Kenneth MacMillan’s 1965 creation of Romeo & Juliet for the Royal Ballet hit the headlines when the premiere went to Margot Fonteyn and Rudolf Nureyev at Covent Garden displacing Lynn Seymour and Christopher Gable for whom the was created.  The ballet is rooted in the 1960s spirit of youth culture which championed sexual freedom.  I first saw it in the 1990s at Covent Garden with original designs by Nicholas Georgiadis and costumes by Yolanda Sonnabend.  The work, set to Sergei Prokofiev’s 1935 composition, is one of the most thrilling dramatic ballets ever produced in the twentieth century.

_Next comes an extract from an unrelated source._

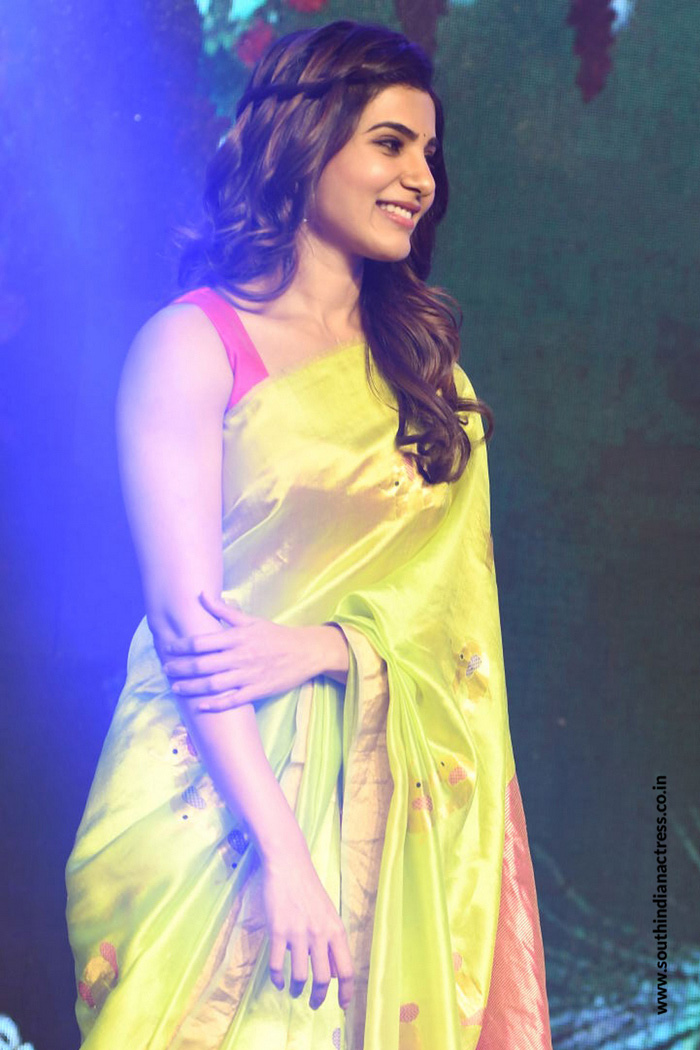 Samantha Akkineni attended the audio launch event of Balakrishnudu movie wearing a green elephant motifs handloom saree paired with contrast pink sleeveless blouse from Madhurya Creations. A pair of white stone jhumkis and waterfall hairstyle completed her look!
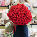 Монобукет из 101 розы сорта Аваланж и Гран При

Just before his death, MacMillan restaged it in 1992 for the Birmingham Royal Ballet.  He did not use Georgiades and Sonnabend’s designs but selected Paul Andrews to create new visuals for the touring company.  Georgiadis’ aesthetic was rooted in the late Renaissance whereas Andrews’ brief was to set the story earlier in the Italian Renaissance.  This does not make a huge difference in the look of the work but there are moments when clearer staging would have been more effective and a theatre director’s eye would have been useful at certain points in this production.  For example, when Juliet takes poison, and is believed to be dead, her parents and attendants rush to her prone body.  Because her bed is not raised, and her head is pointing upstage, and because the family also look upstage, we lose all faces and see no drama at all.  This production is so under-lit so that the general wash flattens out the individual creating a general murk.  Is this Lighting Designer John B. Read’s intention or is it that a technician neglected to raise the lighting levels for Sadler’s Wells?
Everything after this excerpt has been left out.